Observational research (OR) is an increasingly important component in drug development and commercialization, because in the current environment, there is increased demand for information from OR studies for regulatory and reimbursement authorities. The Center for Observational Research (CfOR) at Amgen partners with teams to generate real world evidence for multiple stakeholders across the product lifecycle. CfOR contributes evidence regarding the frequency and distribution of disease or the clinical burden of disease, the natural history or clinical course of disease, the design of clinical trials, cost and utilization patterns, and the safety and effectiveness of interventions.

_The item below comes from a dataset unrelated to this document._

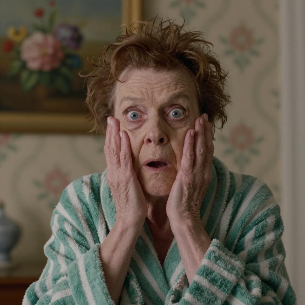 Old woman with gray hair in a loose bun, wearing a blue and white plaid blouse with a lace collar, standing indoors. Background includes a window with green foliage outside, and beige curtains. Her mouth is slightly open, expressing concern or surprise. Soft, natural light illuminates her face. One wall-mounted object is partially visible on the left.
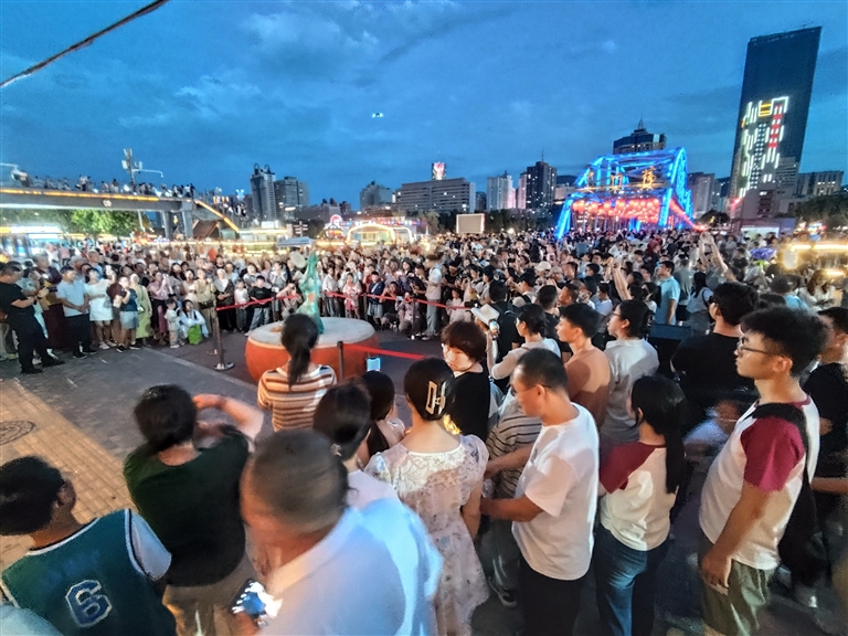 夜游黃河項(xiàng)目則圍繞黃金水道,結(jié)合蘭州南北狹長(zhǎng)、“橋梁之都”的特點(diǎn),串聯(lián)黃河母親、中山橋、白塔山,形成“夜游黃河”3條精品航線,開(kāi)通水上巴士環(huán)線,并依托碼頭創(chuàng)新開(kāi)展露營(yíng)、草地婚禮等活動(dòng),全方位展示了黃河蘭州段魅力。同時(shí),黃河之濱音樂(lè)展演、黃河市集等豐富精彩的活動(dòng)也已經(jīng)成為“夜游黃河”的常態(tài)化演出和節(jié)目。

Amgen is seeking a dedicated Biostatistical Programming Manager to join our Center for Observational Research (CfOR) organization, based in Hyderabad, India. This crucial role involves leading a team of senior statistical programmers who will generate Real-World Evidence (RWE) to support Amgen products throughout the drug development lifecycle. This lead programming role will collaborate with teams across multiple time zones to oversee request fulfillment, clarify requirements, track projects, resolve issues, and deliver high-quality results.​ The Biostatistical Programming Manager will report to a locally based Director of Biostatistical Programming.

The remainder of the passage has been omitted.